How to make prosciutto and coppa just like in Italy

This Sydney family maintains the generations-old tradition of “doing the pig”: raising and butchering animals to make cured meat.

“Doing the pig is a tradition for a lot of Italian families."

“Doing the pig is a tradition for a lot of Italian families." Source: Pilar Mitchell

There’s a disagreement over salt.

We’re sitting around a marble-topped dining table in a vast farm kitchen that’s barely warmed by the fire in the Everhot Deluxe Aga stove. Everyone has a cup of strong tea and a shot glass of home-made passionfruit liquor in front of them. It’s 9:45am.

In between bites of chewy ciambella doughnuts and icing sugar-doused crostoli, we pass around a small bowl of fried pork mince seasoned with salt, pepper, chilli, paprika and wine. We each take one of the teaspoons that sit on the rim of the bowl and taste the mixture.

“It needs more salt,” says Eddie, a farmer and the patriarch of the family. His wife Gina agrees. Everyone else – their son David, his wife Marie, her friend Nadia and me – thinks it’s salty enough.

But Eddie and Gina know best. Eddie grew up on a farm in Salerno, Italy and when he was 12 his family moved to a farm outside Sydney. He grew up making salami, prosciutto, pancetta and myriad other small goods every winter. He and Gina have been doing it on their Western Sydney farm for 34 years.
When David was growing up, eggplant, artichokes, tomatoes and broadbeans filled the fields, but now the family just keeps a small vegetable patch.
When David was growing up, eggplant, artichokes, tomatoes and broadbeans filled the fields, but now the family just keeps a small vegetable patch. Source: Pilar Mitchell
“'Doing the pig’ is a tradition for a lot of Italian families,” David tells SBS Food. “It doesn’t happen in Five Dock backyards [in Sydney's inner west] obviously – but families out in the western suburbs and the northwest where they’ve got land, you’ll find them doing it.

“Growing up, I remember old Italians coming over with wine and home-made prosciutto and arguing over whose was better.”

The process takes three days in winter when the temperature is cold enough that the meat won’t spoil. On day one, the pig is slaughtered and cleaned. On day two, it’s butchered and the various cuts are put under salt.

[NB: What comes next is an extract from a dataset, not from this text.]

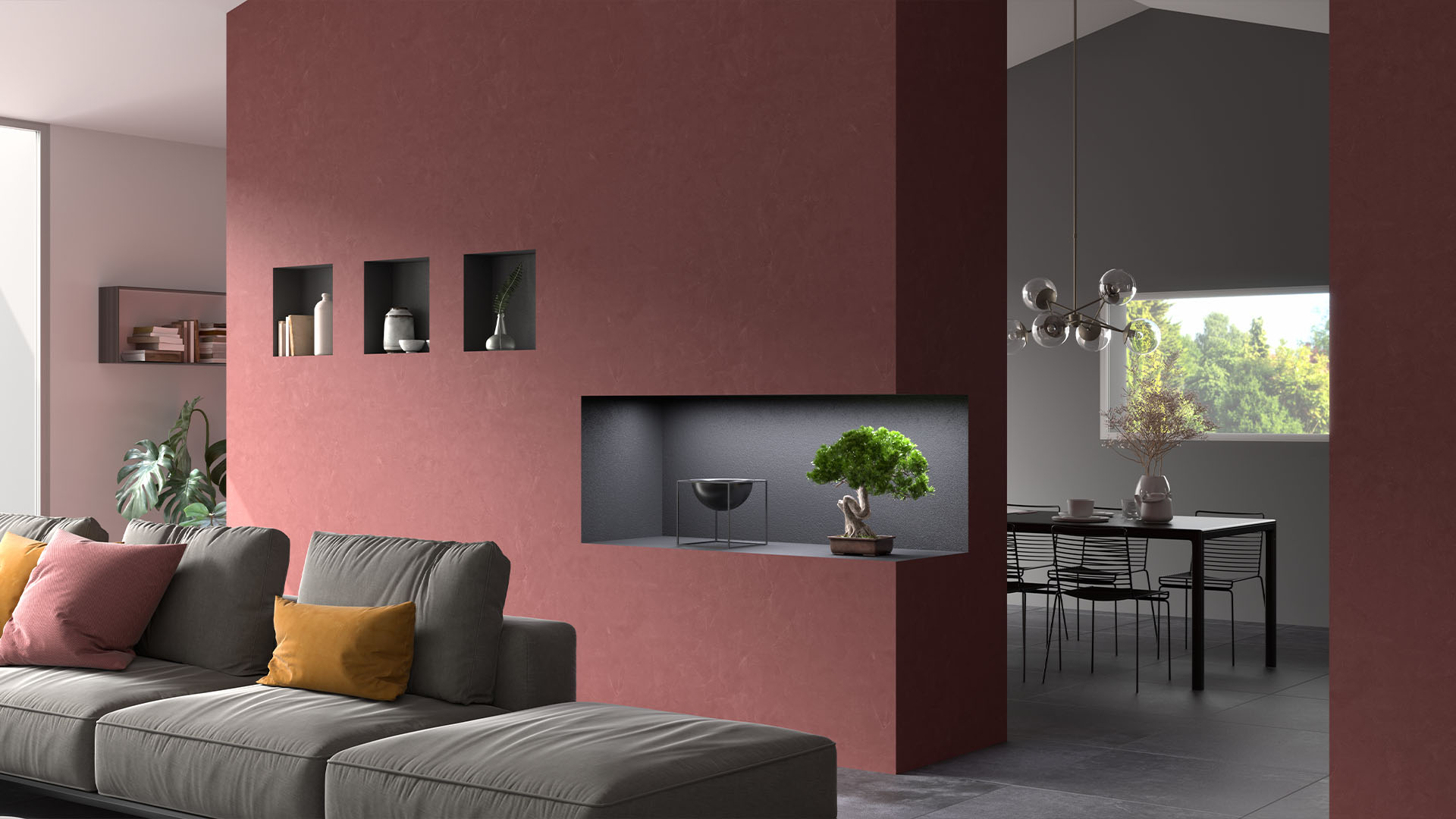 Finitura decorativa per interni, ad effetto sabbiato

In the shed, Eddie shows me cuts of meat that are layered with sea salt in a plastic tub. There’s pork belly for pancetta, cheek for guanciale, rear leg for prosciutto, neck for capocollo.
“It gets salted and compressed with whatever we have on the farm,” David says. “Dad was a bricklayer builder, so when I was growing up, we used bags of cement.”

“This leg is roughly 15 kilos, so it stays 15 days under the salt. You keep checking it to make sure the salt goes right to the bone,” says Eddie.

When I ask how he can tell, Eddie shrugs. “I don’t know, experience I guess. I’ve been doing this for a long time now.”

When SBS Food visits, it’s the third and final day when offcuts are minced in an electric meat grinder, seasoned and checked for taste, then stuffed into sheep’s intestine casing using a hand-cranked sausage maker, ready to be hung in the cellar under the house for seven weeks. Salami is relatively quick, but prosciutto will stay hanging for at least two years. If done correctly, when the meat is sliced, it’s glossy, marbled with fat and meltingly delicious.
Caramelised Brussels sprouts with proscuitto
Well-made prosciutto will look glossy and marbled with fat. Source: Kitti Gould
There’s only one way to deal with seasoning the offcuts from a 200-kilogram pig: by hand. Before morning tea, David and I rolled up our sleeves and as Eddie sprinkled salt and pepper over the top, we kneaded the seasoning through the meat, ploughing with our hands towards the centre of the pile and then squeezing hard.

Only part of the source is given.